My wife said she’d like to see a variety of poi flavors presented at the next feast, served in such a way as to be a condiment for dipping meat, shrimp or vegetables in. Banana poi, passion fruit poi, savory poi… the possibilities are endless with this food. One of my work buddies, my local expert on all things Hawaiian, says he has to put sugar on his poi to make it palatable. Maybe it’s like grits: everyone has their own way of eating it.

Anyway, we’ll definitely be revisiting this little treat.

Next time: Ahi Poke!

5 Responses to Tiki Tuesday: Pork Lau Lau and Poi

  1. Since you’ve started this Tuesday food journey I have been reading your recipes and thinking, “I WANT. I WANT.” When are you coming to Chicago next? I’ll lend you my kitchen! This sounds so very good. I’m curious about the poi and look forward to see what you do with it next. I’m at work so I’ll go eat my very bland turkey sandwich, made even blander by reading about this delicious meal.

    (MD) Hmmmm…. maybe a luau road trip is in order. I’ll have to consult with my staff. And you bet I’ll be posting about the next time we do poi.

  2. If I hadn’t just broken down eight pork shoulders to make a big batch of sausage I would so try making this for dinner this week. The lau lau sounds very good.

    (MD) It’s really simple. I made it harder than it was. And you can use spinach leaves instead of taro.

  3. At first I was alarmed at the use of Passion Fruit juice thinking it was the beloved
    margarita elixir, aka- Prickly pear but reason kicked in and I am relieved.

    Perhaps those leaves that are so stringy can floss teeth whilst one is chewing on them.

    How many pans were involved in this recipe? I want to know what I am in for when I come to visit.
    – The beloved and beleaguered mother and grandmother.

    (MD) Never fear, mother. There’s plenty of both to go around. And the prickly pear comes from the wrong part of the world to ever be involved in the Tiki Tuesday recipes. As far the pots and pans, it depends… but it’s usually a lot.

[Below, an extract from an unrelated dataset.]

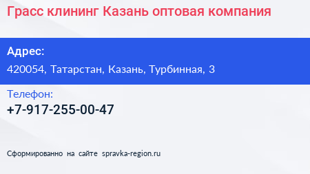 Грасс клининг Казань, оптовая компания по адресу 420054, Татарстан, Казань, Турбинная, 3 в дальнейшем Организация, размещена в следующих категориях:
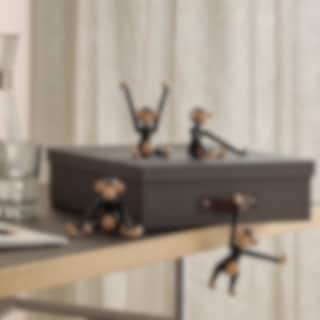 Den unika hantverksmässiga finishen som kännetecknar Kay Bojesens produkter syns tydligt i miniapan, där träet spelar huvudrollen och behandlas med ömhet och respekt. Det krävs stor omsorg och erfarenhet när apans smådelar ska utformas och det ligger många timmars hantverk i varje liten apa. Den betsade ytan ger träet en djup svart yta med glöd, värme och liv, och de imponerande hantverksmässiga detaljerna tillsammans med den mörka färgen ger ett exklusivt uttryck. Den nya eleganta apan är den perfekta gåvan till designälskaren. Eller till honom eller henne som inte kan få nog av Kay Bojesens apor. Överallt där apan flyttar in kommer den att skapa leenden och stil med sitt lekfulla och eleganta utseende.

  4. Sounds great. In my house we believe in the Emeril mantra of “pork fat rules.” I think that pork in the oven is a very easy way to have a great dish if you don’t over cook it. So wrapping it up and seasoning it right has to be a winning plan.

    (MD) You can hardly ever go wrong with the “low and slow” method. Particularly when it comes to well-seasoned pork. It’s just plain good.

  5. michaelsownmom

    Looking forward to the Ahi Poke this weekend. I will have to poke you in the side as you make this dish. Just warning you. :) I love food too much.

    (Hubby) I was pretty sure you were going to do that. It’s one of the many things that make you adorable.